Ironically, I believe in some facets of white privilege (though I reject that they apply consistently across all "white" groups), yet I would argue the greatest "privilege" I enjoy as a white male is precisely that no one can reduce ANY position I might like to espouse as "a white man's perspective"--precisely because my "group" is too diverse to police thought in that manner. If Identity Studies has made much progress, it is only insofar as they have begun to construct EVERY position a white man takes as inherently oppressive, so that eventually if they can't actually liberate the groups they self-police, they can at least destroy (or at least conceal) the refreshing intellectual diversity that white men still enjoy by virtue of not having to serve as a spokesperson for every other white man. But to my mind, that's not really progress. No other minority really enjoys that freedom to be utterly individual. Instead, if they dare to step too far outside of "the (women's/black/chicano/homosexual/etc.) perspective" they are immediately castigated as traitors to their sex/race/orientation and written off as having been "brainwashed" or "fallen prey to white hegemony." Hence the reason that a pro-life supporter is committing "war on women," even though more women than men are pro-life! (See the problem: Those women aren't free to think that way; instead, feminism recasts them--and thus, marginalizes or "silences" their voice--as mere puppets brainwashed by men, narrowing the scope of authentically "feminine" points of view that women are allowed to take.
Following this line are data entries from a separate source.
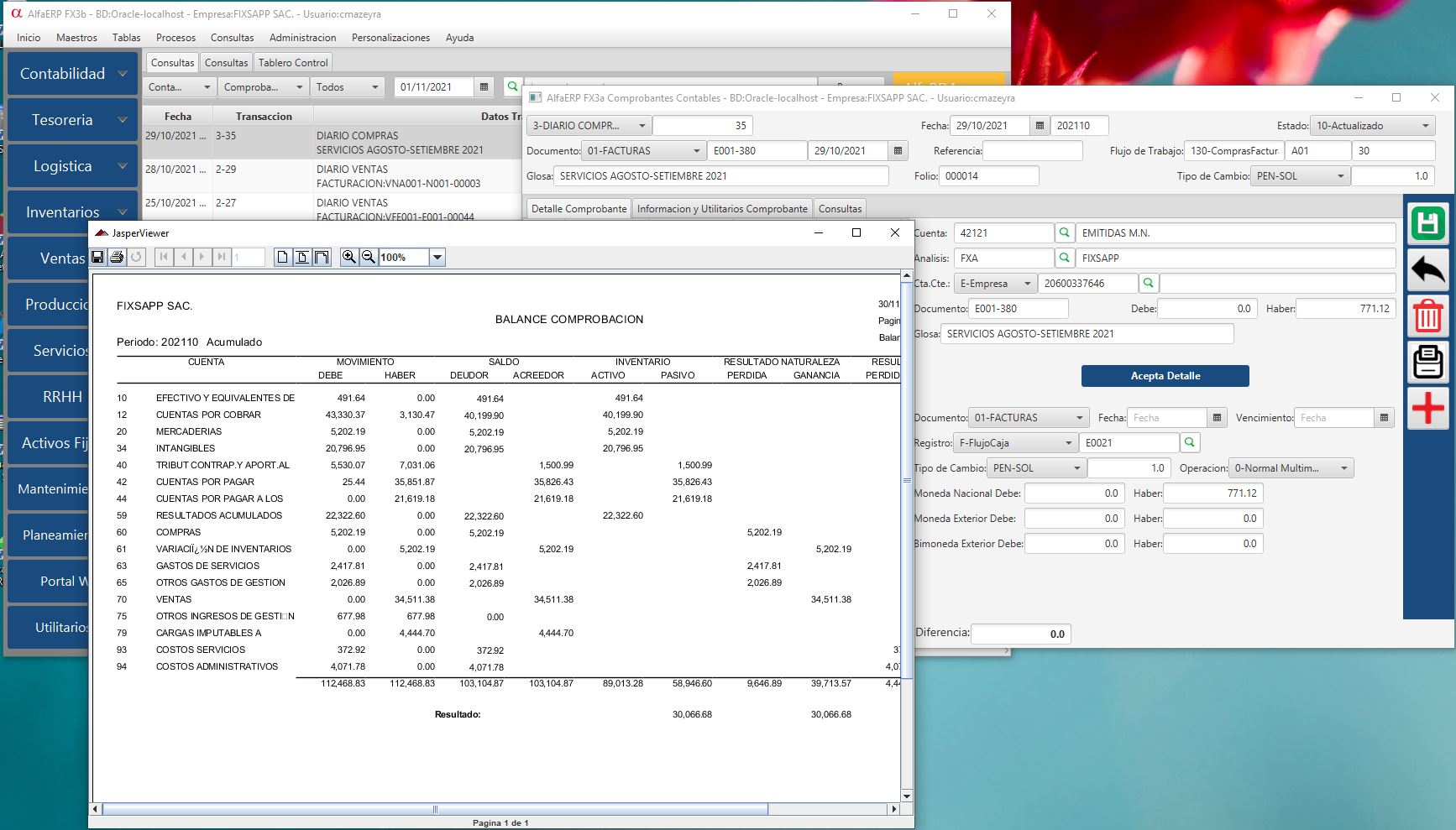 - La integración con los procesos de negocio de Tesorería, Logística, Inventarios, Ventas, Producción, Servicios y RRHH, identificando y visualizando en detalle y en tiempo real el proceso administrativo origen del comprobante contable.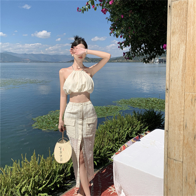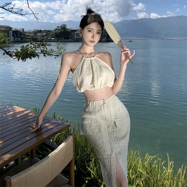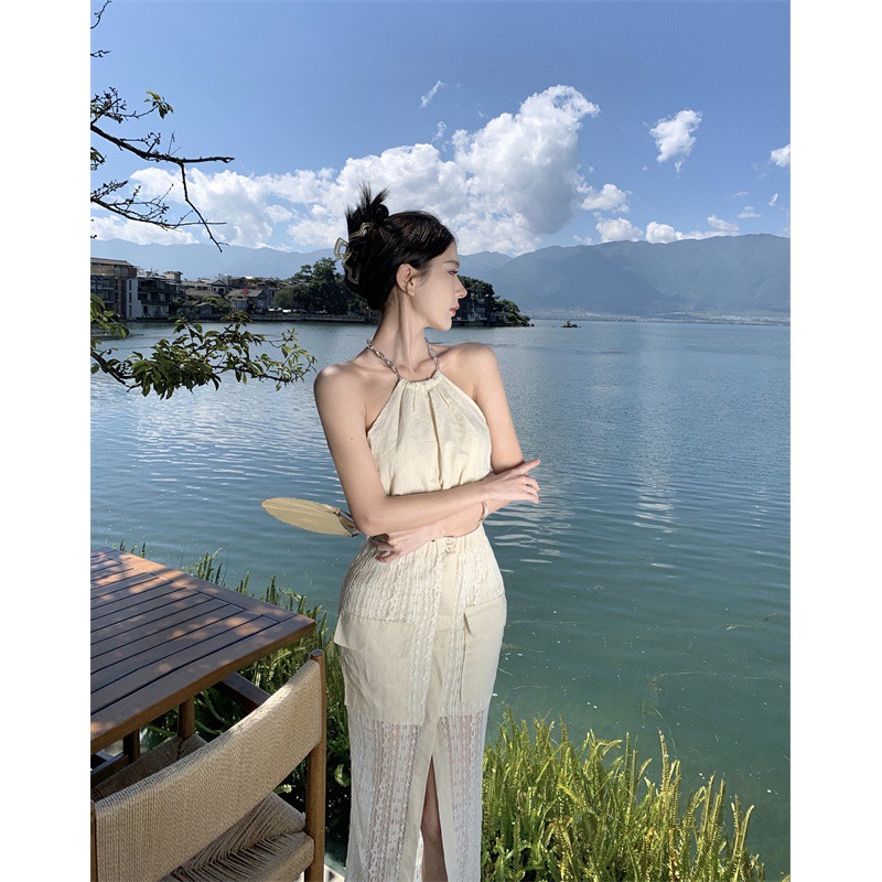 超仙新中式辣妹套装性感纯欲夏季女三亚旅游海边度假挂脖式连衣裙
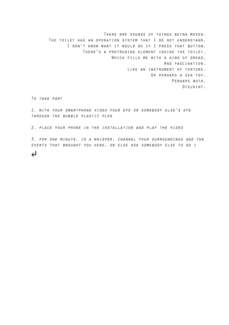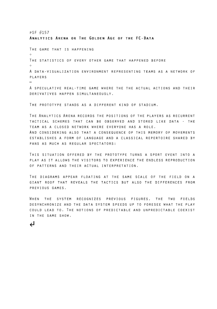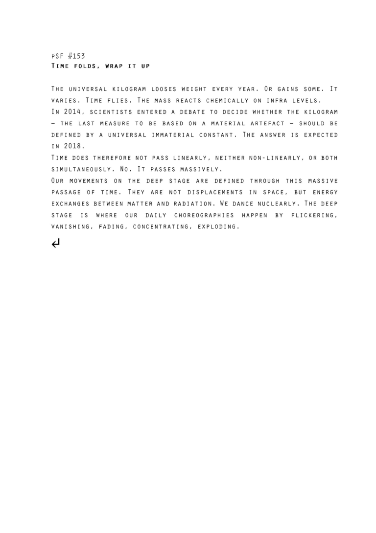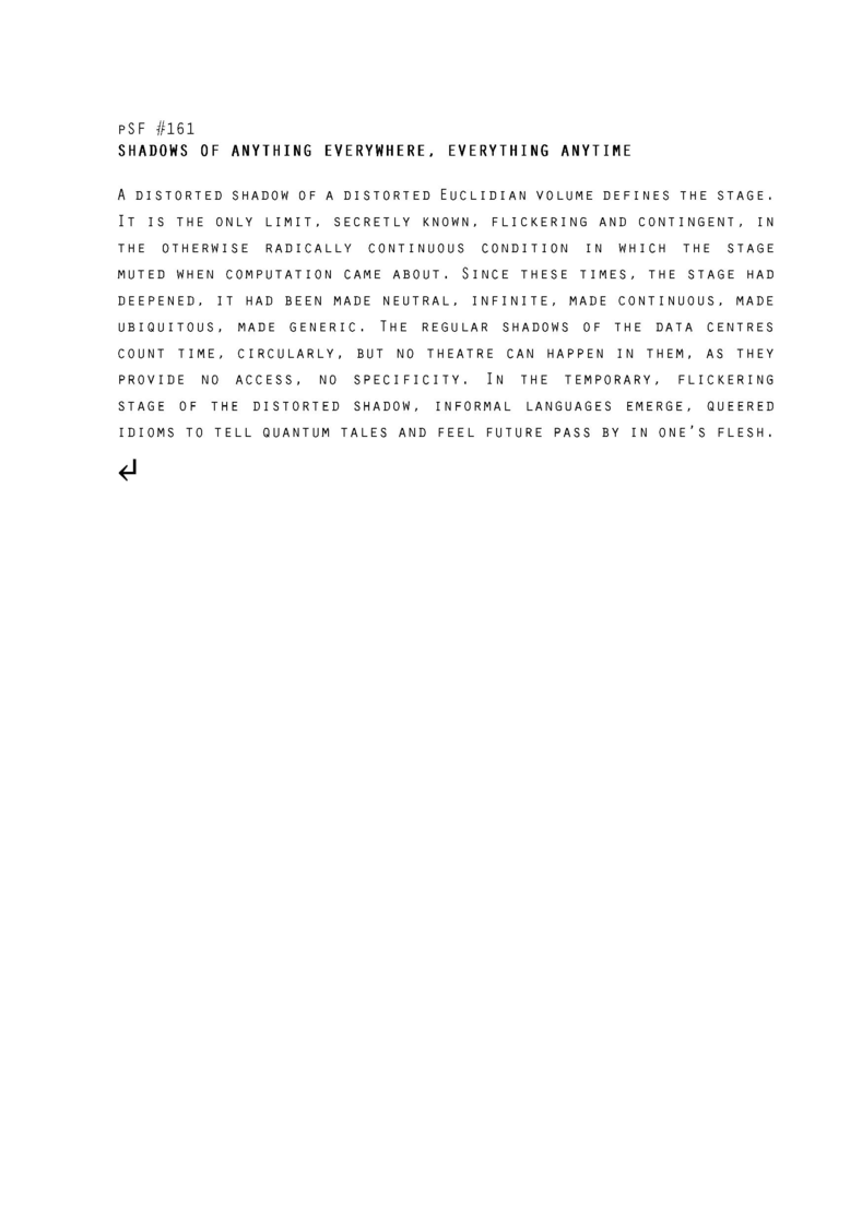 2016 – 2018 by weS.A.N.K.* Research Group: Vincent Roumagnac and Emmanuelle Chiappone-Piriou in collaboration with guests artists and architects The weS.A.N.K. research project emerged from director-researcher Vincent Roumagnac’s dialogue with architect- researcher Emmanuelle Chiappone-Piriou. It surfaced at the confluence of Roumagnac's doctoral research on “Deepening the Stage” and Chiappone-Piriou's research on proto-architecture in relation to art and computation. Together they have designed and implemented a two-year experimental project with and around the question: "How to prototype the stage of the future?". Via five collaborative sessions, in Tokyo, Paris, Helsinki, Barcelona and Daegu, together with artists and architects invited locally, they carried out the performative design and assembling of those prototypes. From general themes – including theatre and architecture, stage and time ecology, big data and post-industrial landscapes, dystopian narratives and daily rituals, networks, climate, memory, energy and affect... – the spontaneous conceptualization and manufacture of prototypes sought to explore contemporary bio/techno-sensitive and geographical conditions and, from those diverse perspectives, to coalesce physical and informational objects with a scenic dimension. weS.A.N.K. Deep Stage As... is the final staging of the whole research project. Through a double mise-en-scène - an installation and an exposition on the Research Catalogue - it invites spectators to enter this twofold speculative landscape and to take part, through the experience of the shared quantity, in the emergence of alternative common scenic imaginaries. *weS.A.N.K. is for we Speculative Architectures of Neganthroposcenic Kronotopias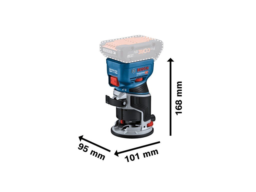 Akumulátorová ohraňovací frézka GKF 18V-8, Kombinuje výhody špičkových funkcí, výkonného bezuhlíkového motoru a kompatibility s širokou škálou příslušenství, které uspokojí všechny požadavky ohraňovacího frézování, od lehkého profilování hran až po náročnější frézování ploch. Tato 18V ohraňovací frézka má nejkompaktnější výšku na trhu, která minimalizuje hmotnost horní části a maximalizuje kontrolu nad nářadím, hands-free zámek vřetena pro bezproblémovou výměnu bitů a jemné nastavení hloubky řezu, které vám poskytuje vynikající zážitek z frézování. GKF 18V-8 je navíc jedinou 18V ohraňovací frézkou na světě s adaptéry na vysavač pro frézování ploch i hran, které zaručují vysoce efektivní odvod prachu ve všech situacích. Boční doraz (2 608 000 331); Odsávací adaptér na povrchové frézování (2 608 190 061); Odsávací adaptér na frézování hran (2 608 190 062); Kryt na piliny (2 608 190 065); L-BOXX 136 (1 600 A01 2G0); Vložka do L-BOXX (1 600 A03 51W); Upínací kleština s přesuvnou maticí 8 mm (2 608 570 134); Klíč 17 mm (2 609 110 438)Doplňkové parametry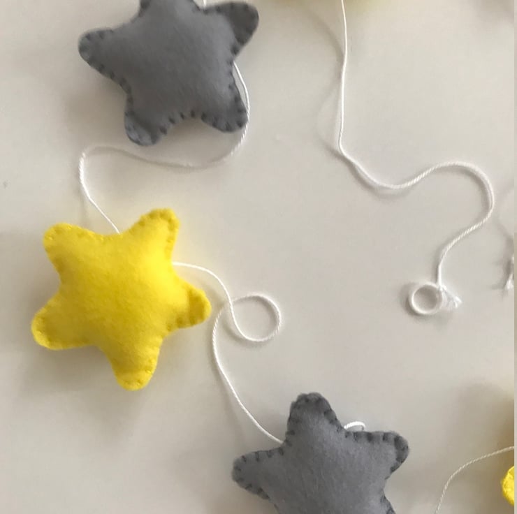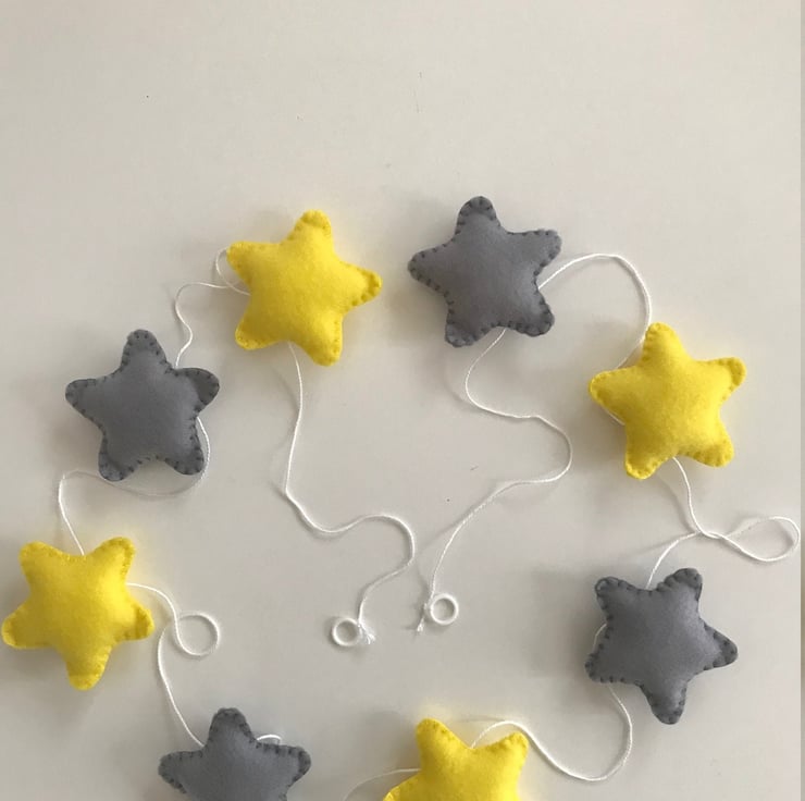 The garland measures approx 1.60cm and it contains 4 yellow stars and 4 grey stars in felt and blanket stitched with cotton thread. They are lightly stuffed with a high loft toy filling to create cute and puffy little ornaments.
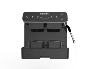 Macchina da caffè dal design moderno, adatta per un uso semiprofessionale. - Colore nero. - Finitura lucida. - Pannello comandi intuitivo.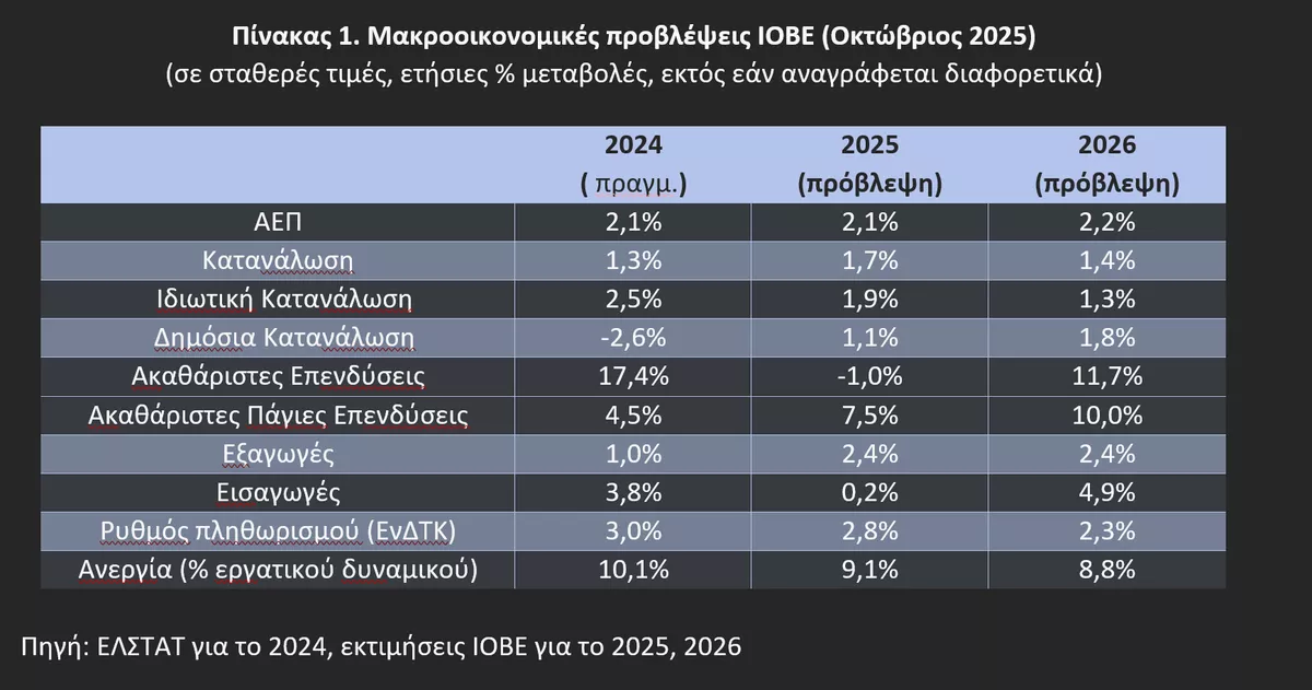 ΙΟΒΕ: Αναθεώρησε οριακά προς τα κάτω την ανάπτυξη - 2,1% το 2025 και 2,2% το 2026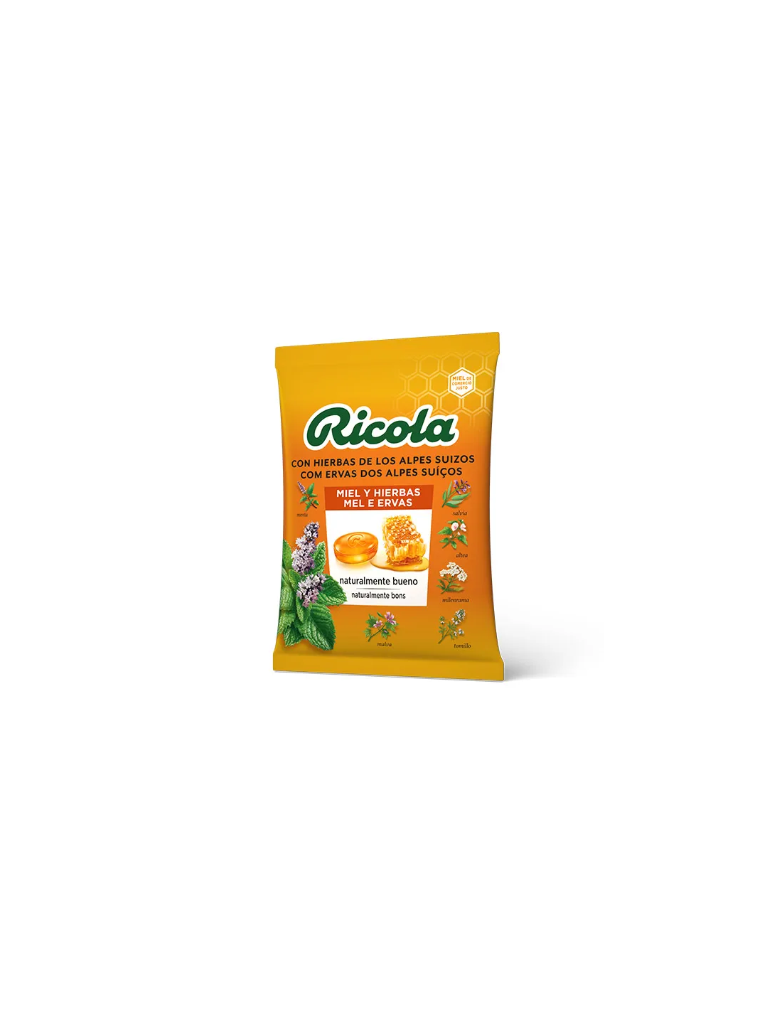 Disfruta el sabor natural y reconfortante de la Bolsa Miel y Hierbas de RICOLA. Cada caramelo combina la dulzura suave de la miel con una mezcla única de hierbas suizas, ofreciendo un alivio refrescante para la garganta y una sensación de bienestar. Perfecto para llevar contigo y disfrutar en cualquier momento del día. RICOLA, tradición y calidad en cada dulce.

That's pretty blatant censorship as I see it.)

Well, I've rambled long enough. My point was not to convince you of anything, or even to cover all the details of the book. My point was really to get you thinking just enough to see that this book is worth reading and should not be dismissed as "right-wing sexist/racist/homophobic propaganda."

Very highly recommended! (But in the interests of free thought, please read it yourself to make up your own mind!)

5 of 5 people found the following review helpful.
I noticed these changes in education, now I know why and how.
By Chain70
I graduated from college in 1969 when the changes in education were just beginning. For instance, a black studies program was being agitated for, but the program was not well defined. At least at my school. This book traced the development of the identity Studies revolution and its affect on all of higher education in a way that was entertaining and informative. It is clear that the political correctness movement stems from these programs and they have driven the indoctrination of students in all areas with what my generation considers radical ideas. I now see why students and recent graduates voted so solidly for Obama in 2008 and 2012. A great and informative read.